Die Rescheiderhof GbR nimmt am Projekt „Optimierung der Kälberaufzucht in milchviehhaltenden Betrieben“ des DLR Westpfalz teil. Dabei wird das gesamte Aufzucht- und Tränkemanagement dokumentiert sowie die Kälber im festen vier-Wochen-Rhythmus gewogen, um die täglichen Zunahmen errechnen zu können. In den vergangenen Monaten wurden insgesamt drei Wiegungen durchgeführt, bei denen jedes Mal elf Kälber gewogen wurden. Die Berechnungen ergaben bei diesen elf Tieren eine durchschnittliche tägliche Zunahme von 1,01 kg. Ein Kalb erzielte sogar eine tägliche Zunahme von 1,31 kg. Die Werte des Rescheiderhofs liegen somit im Durchschnitt deutlich über den täglichen Zunahmen der anderen teilnehmenden Betriebe - ein sehr interessantes Ergebnis, das zeigt, dass die kuhgebundene Aufzucht in diesem Biobetrieb besser abschneidet, als die klassische Kälberaufzucht in den übrigen konventionellen Betrieben, die ihre Kälber mit der klassischen Eimertränke aufziehen.
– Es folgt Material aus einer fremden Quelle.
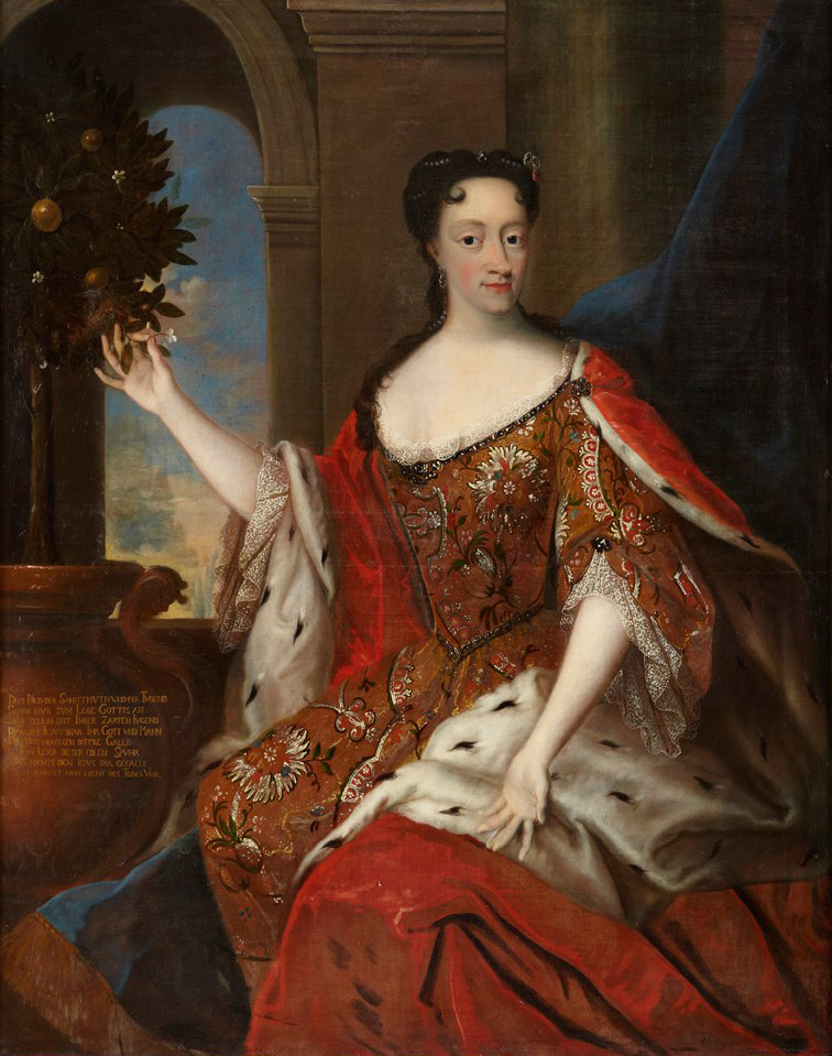 Portrait of Princess Sophie Hedvig of Denmark, daughter of King Christian V and Queen Consort Charlotte Amalie

Einfach einmal ausprobieren

Die Rescheiderhof GbR zeigt eindrucksvoll, dass die kuhgebundene Kälberaufzucht funktionieren kann. Betriebsleiterin Manuela Seibel-Lahnert zieht ein positives Fazit und ermutigt auch andere Betriebsleiter, das System einfach mal auszuprobieren. „Wir haben auch erstmal ausprobiert und Fehler gemacht. Jeder Betrieb, der die kuhgebundene Aufzucht umsetzen möchte, muss sein individuelles System finden, welches bei ihm funktioniert. Jeder Betrieb ist eben anders“, so die Betriebsleiterin. Das Ausprobieren und Verbessern der kuhgebundenen Kälberaufzucht ist auch bei Lahnerts noch nicht am Ende. Aktuell ist die Einrichtung eines Kälberschlupfs in Planung. Dadurch sollen die Tiere noch früher mit dem Kraftfutterfressen beginnen. Auch die Zellzahlen der Mütter und Ammen müssen weiterhin im Auge behalten werden. Die kuhgebundene Kälberaufzucht ist ein sich stetig weiterentwickelndes System.


Nadine Oßowski,

Kompetenzzentrum Ökologischer Landbau Rheinland-Pfalz

Weitere Informationen

Mindesttränkedauer gesetzlich geregelt

Die EU-Öko-Verordnung VO (EU) 2018/848 und deren Durchführungsverordnung (EU) 2020/464 schreibt eine Mindesttränkedauer für Rinder von 90 Tagen ab dem Tag der Geburt vor - vorzugsweise mit Muttermilch.